Stefan Sagmeister
I quite enjoyed Sagmeister’s presentation on happiness…where else but a design conference would you find a talk on that topic?[1] Early in, he suggested that visualizing happiness with design is easy (photos of someone laughing or a smiley face will do it) but that creating design that provokes happiness in the viewer is something else entirely. He then shared three designs that have made him happy recently:
- Emma Gasson made a day-planner with room for 82 years, the current life expectancy of a British citizen. It looked to be about a foot thick.
- Omnivisu. Richard The and Willy Sengewald constructed a kiosk in Berlin with video cameras inside. When you look into the kiosk through the viewfinder (very much like peering into a pair of binoculars), the cameras record your eyes and beam the video to a nearby location where the images are projected onto a building which rather looks like it’s got a head.
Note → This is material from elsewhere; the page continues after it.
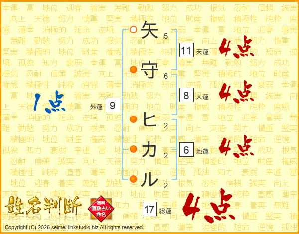 矢守ヒカルさんの天運は11画の4点!

When you blink into the kiosk, the building’s head blinks also.
- Ji Lee pastes empty speech bubbles over advertisements on the streets of Manhattan, people often fill them in, and Lee returns to photograph the results.
Sagmeister wrapped up his talk with a list of things he has learned and how he’s used that list in a recent series of projects:
- “everything i do always comes back to me”
- “trying to look good limits my life”
- “everybody thinks they are right”
- “money does not make me happy”
- “thinking life will be better in the future is stupid. i have to live now”
- “complaining is silly. act or forget.”
- “having guts always works out for me”
“Complaining is silly…” is my favorite, both as advice and his implementation of the design. A few of these are in this video shot by Hillman Curtis.
[1] Ok, maybe at a clown conference, but still.